Since a, b, c form a triangle, the area of the triangle could be expressed in terms of three sides of the trianlge per Heron's formula.

A = \dfrac{1}{4}\sqrt{(a+b+c)(-a+b+c)(a-b+c)(a+b-c)}

= \dfrac{1}{4}\sqrt{-a^4-b^4-c^4+2a^2b^2+2b^2c^2+2a^2c^2}

Since the radicand of square root must be positive, a,b,c satisfy the following condition.

2a^2b^2+2b^2c^2+2a^2c^2 > a^4+b^4+c^4

In order for \sqrt{a},\sqrt{b}, \sqrt{c} to form a triangle. \sqrt{a},\sqrt{b}, \sqrt{c} must satisfy the same condition, that is

2ab+abc+2ac>a^2+b^2+c^2

which is the conclusion to prove for the problem.

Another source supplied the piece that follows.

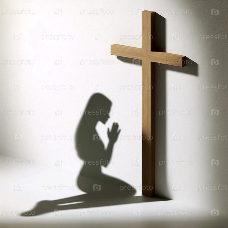 Тень человека в молитве, брошенная на стену с крестом, Ай создала изображение

According to the triangle inequality theorem, the sum of any two sides of a triangle is greater than the third side of the triangle, that is

a+b>c ⇒ ac+bc>c^2

b+c>a ⇒ab+ac>a^2

c+a>b ⇒ bc+ab>b^2

Addition of above three inequalities yields proof of the conclusion.

2ab+abc+2ac>a^2+b^2+c^2

which means \sqrt{a},\sqrt{b}, \sqrt{c} also form a triangle.